Record extracts:
::::

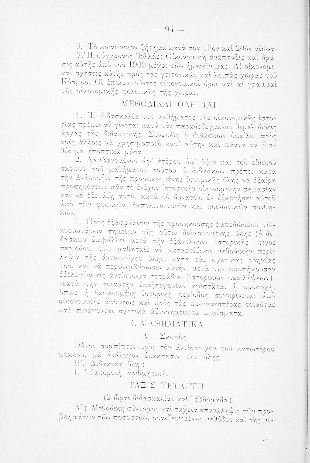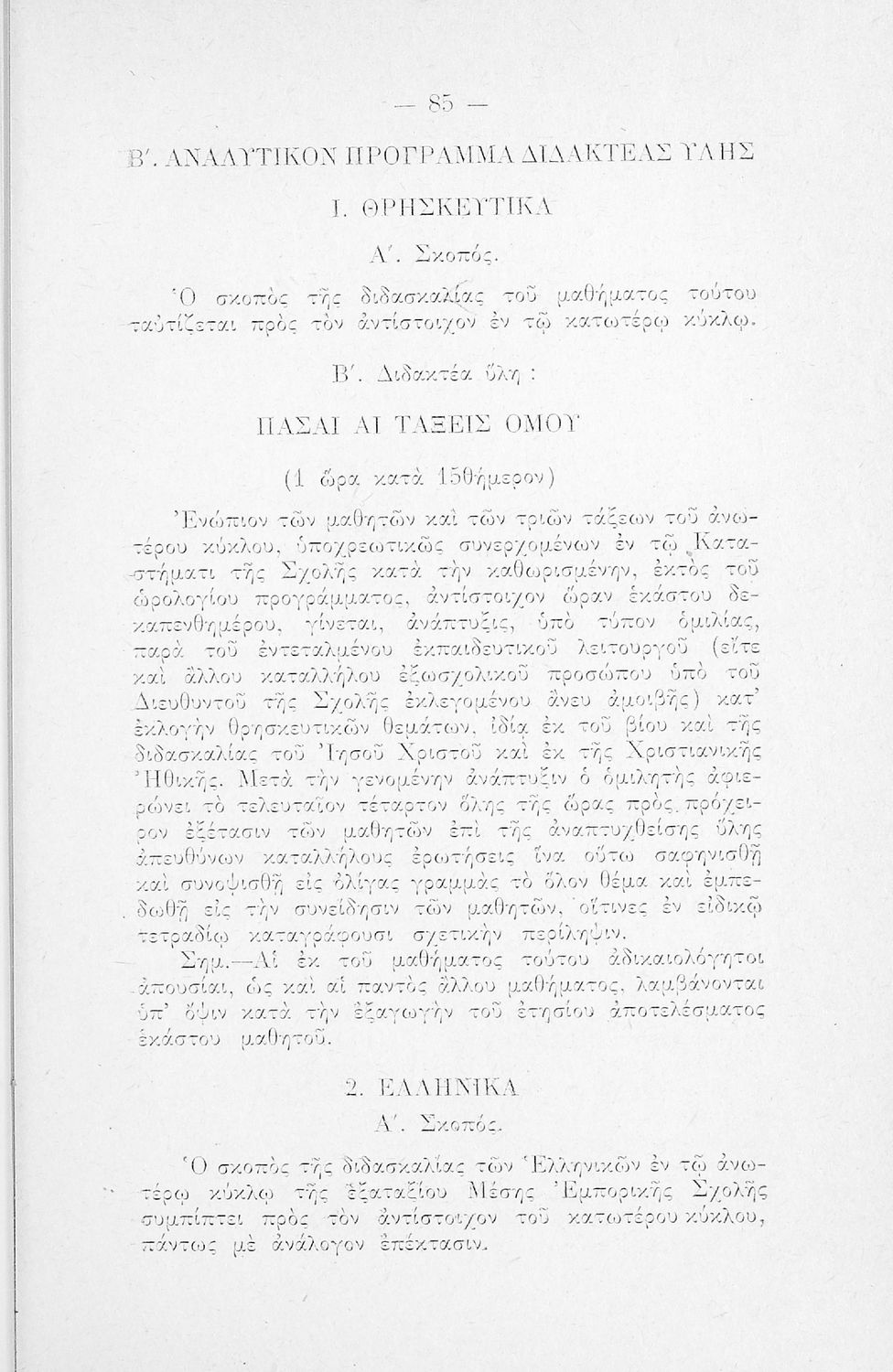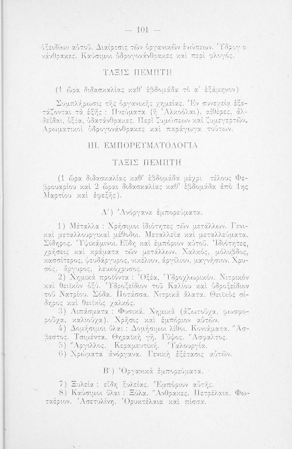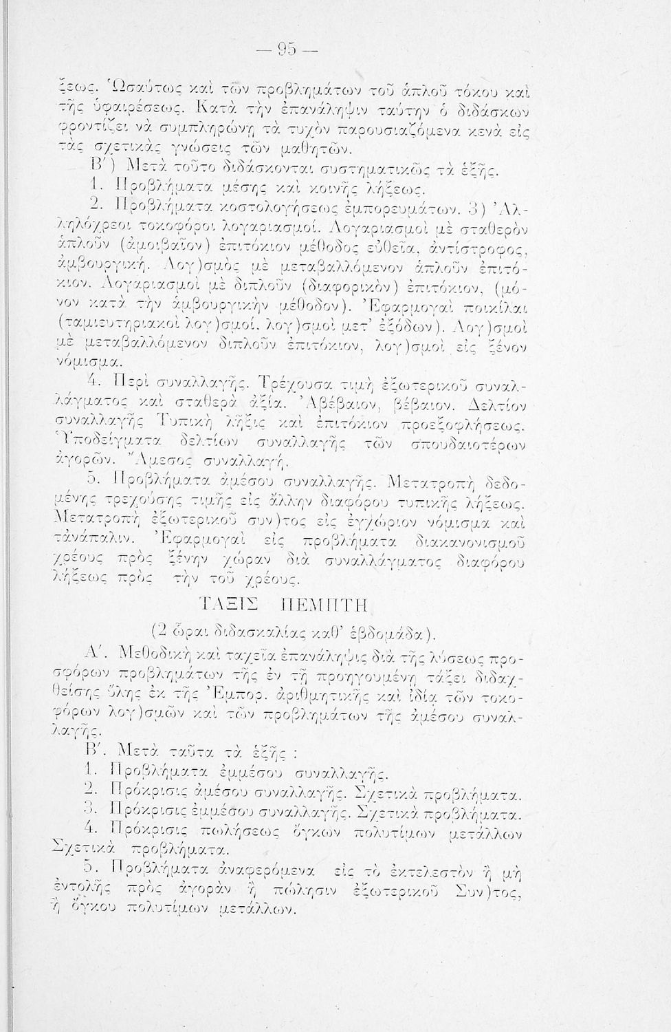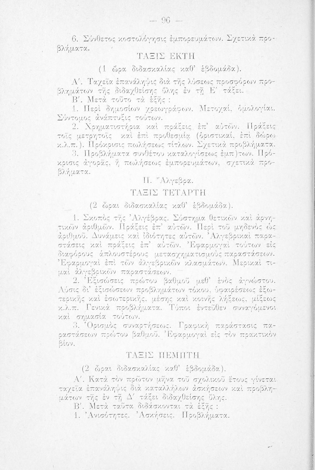 Αναλυτικόν πρόγραμμα των διδασκομένων μαθημάτων εν ταις Μεσαίας Εξαταξίοις Εμπορικαίς Σχολαίς
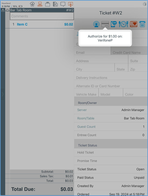 Once approved, the POS applies the pre-authorization to the ticket. You can now order additional menu items or otherwise modify the ticket. Should the ticket’s total exceed its pre-auth amount, the POS will try to add an incremental authorization for the amount specified in the room’s settings. - When you are ready to close the ticket, tap Checkout.
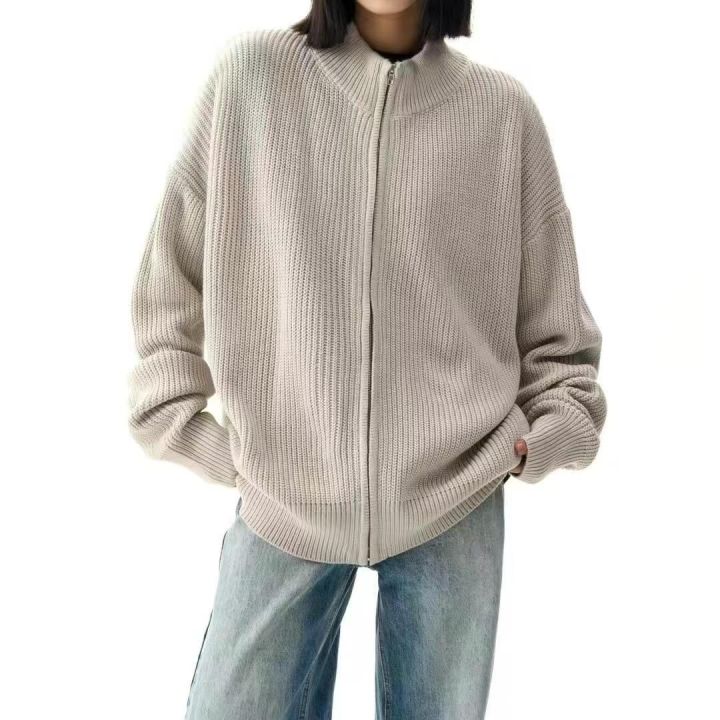 美式慵懒风高街潮流男女款毛衣粗线针织衫秋冬厚款拉链...
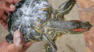 11 มิ.ย.67 ที่บ้านดวนใหญ่ ตำบลดวนใหญ่ อำเภอวังหิน จังหวัดศรีสะเกษ ชาวบ้านต่างมามุงดูกัน เมื่อเจ้าของบ้านไปหว่านแหที่หนองตาหวา แล้วได้เต่าประหลาดตัวนี้มาจึงนำมาเลี้ยงที่บ้าน สำหรับเต่าประหลาดตัวนี้ มีลำตัวลายเป็นสีเหลือง-เขียวเหมือนงูปลา ตรงหัวเต่ามีเส้นแดงเหมือนเป็นคิ้ว 2 เส้น และกระดองเต่ายุบเป็นแฉก ๆ 8 เส้น คล้ายดาวกระจาย ชาวบ้านจึงนำแป้งมาทามาลูบตามลำตัวเพื่อหาตัวเลขและนำไปเสี่ยงโชคกัน เลขที่ไ.. ดูเพิ่ม
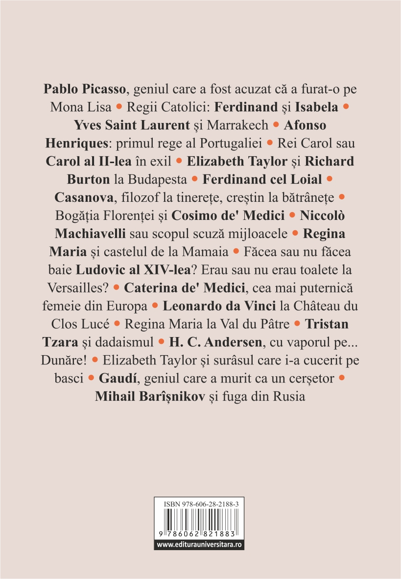 Am fost fascinat dintotdeauna de expediții și de călătorii și poate de aceea mi‑am dorit să pot și eu să merg peste mări și țări ‑ de unul singur, cu prietenii sau cu grupuri organizate – pentru a vedea cu ochii mei locurile prin care au trăit sau au trecut figuri istorice de ieri sau celebrități de azi, să vizitez catedrale și fortărețe, să admir castele, palate și catedrale medievale sau să mă bucur de peisajele pe care natura ni le‑a dăruit din plin. Am mâncat ceea ce era specific fiecărui loc în care am avut privilegiul să ajung și am ținut neapărat să intru în acele mari piețe alimentare în care vezi cu adevărat viața așa cum este, dincolo de strălucirea, uneori falsă, a traseelor turistice. M‑am întâlnit cu oameni de toate felurile și, mai mult decât orice, am vrut să aflu lucruri inedite din cultura și istoria fiecăruia. Am uitat de toate neplăcerile legate de zboruri întârziate, de hoteluri proaste, de oameni mai puțin politicoși sau de propriile mele limite și am păstrat în minte doar ceea ce a fost frumos.
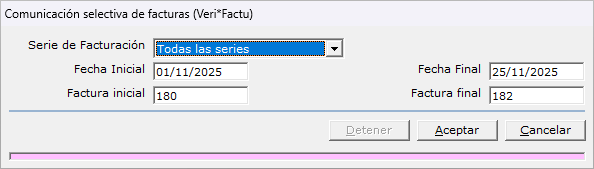 permite efectuar un envío selectivo de facturas pendientes de comunicación al sistema.
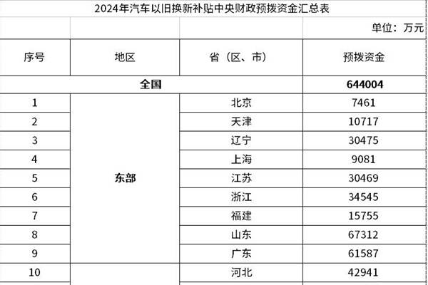 财政部近日发布通知,宣布下达2024年汽车以旧换新补贴中央财政预拨资金预算,总计约64.4亿元。 下面是原文↓ 财政部关于下达2024年汽车以旧换新补贴中央财政预拨资金预算的通知 财建〔2024〕129号 各省、自治区、直辖市财政厅(局),新疆生产建设兵团财政局: 根据财政部会同有关部门印发的《关于印发〈推动消费品...
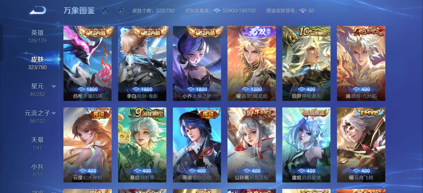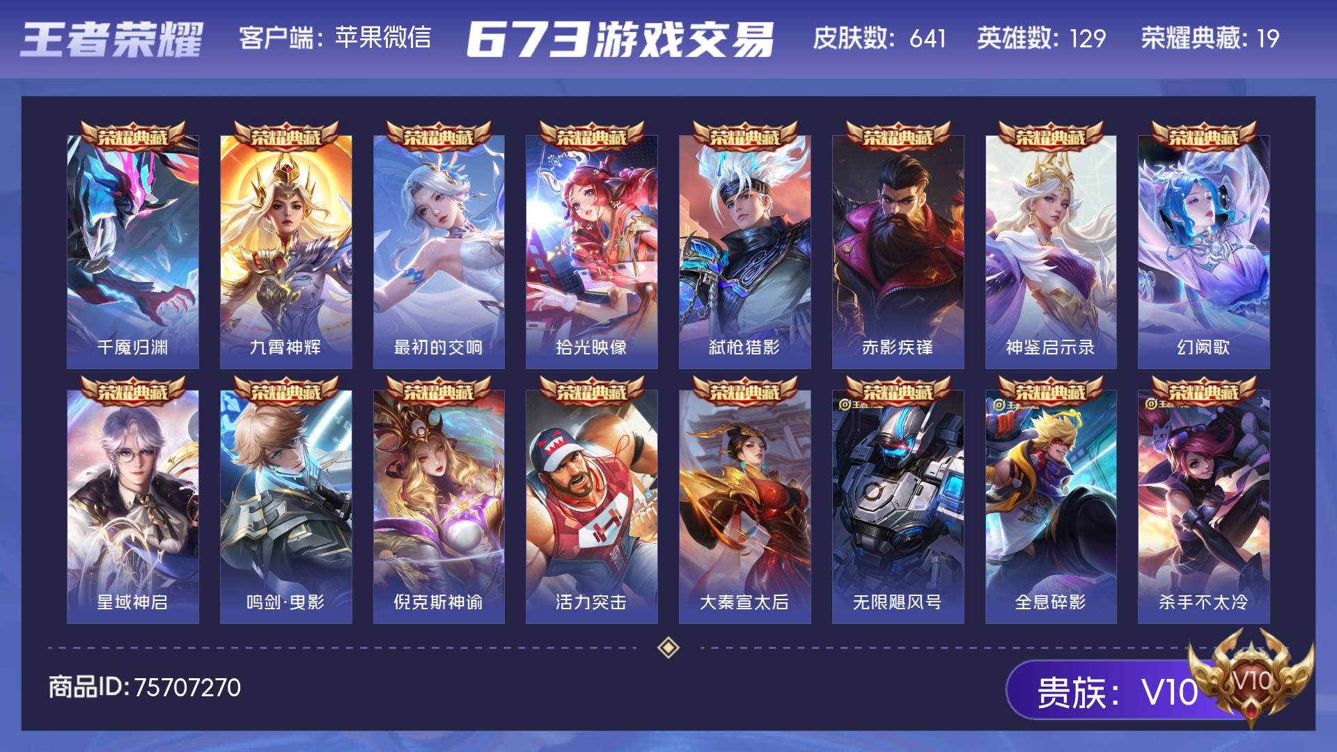 V10 皮肤641 英雄129 至圣王者 荣耀典藏19 无双皮肤8 珍品传说6 传说81 其他皮肤528
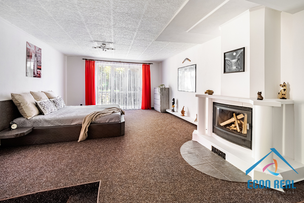 Dům o stávající dispozici 3+1 (otevřené dispozice) s možností rozšíření do půdní vestavby – dnes útulný, ač starší dům s plně vybavenou kuchyní, jídelnou, ložnicí, dvěma koupelnami, společenskou místností se saunou, obývacím pokojem s krbem, který navozuje atmosféru horské chaty. Zítra? Dům lze rozšířit o výstavbu dalších 3 pokojů v podkroví, kde je již příprava.

::::

Only an exact copy of the lines from the one with "V10 皮肤641 英雄129" through the last line of the data above is wanted, and no pictures.

 V10 皮肤641 英雄129 至圣王者 荣耀典藏19 无双皮肤8 珍品传说6 传说81 其他皮肤528
 Dům o stávající dispozici 3+1 (otevřené dispozice) s možností rozšíření do půdní vestavby – dnes útulný, ač starší dům s plně vybavenou kuchyní, jídelnou, ložnicí, dvěma koupelnami, společenskou místností se saunou, obývacím pokojem s krbem, který navozuje atmosféru horské chaty. Zítra? Dům lze rozšířit o výstavbu dalších 3 pokojů v podkroví, kde je již příprava.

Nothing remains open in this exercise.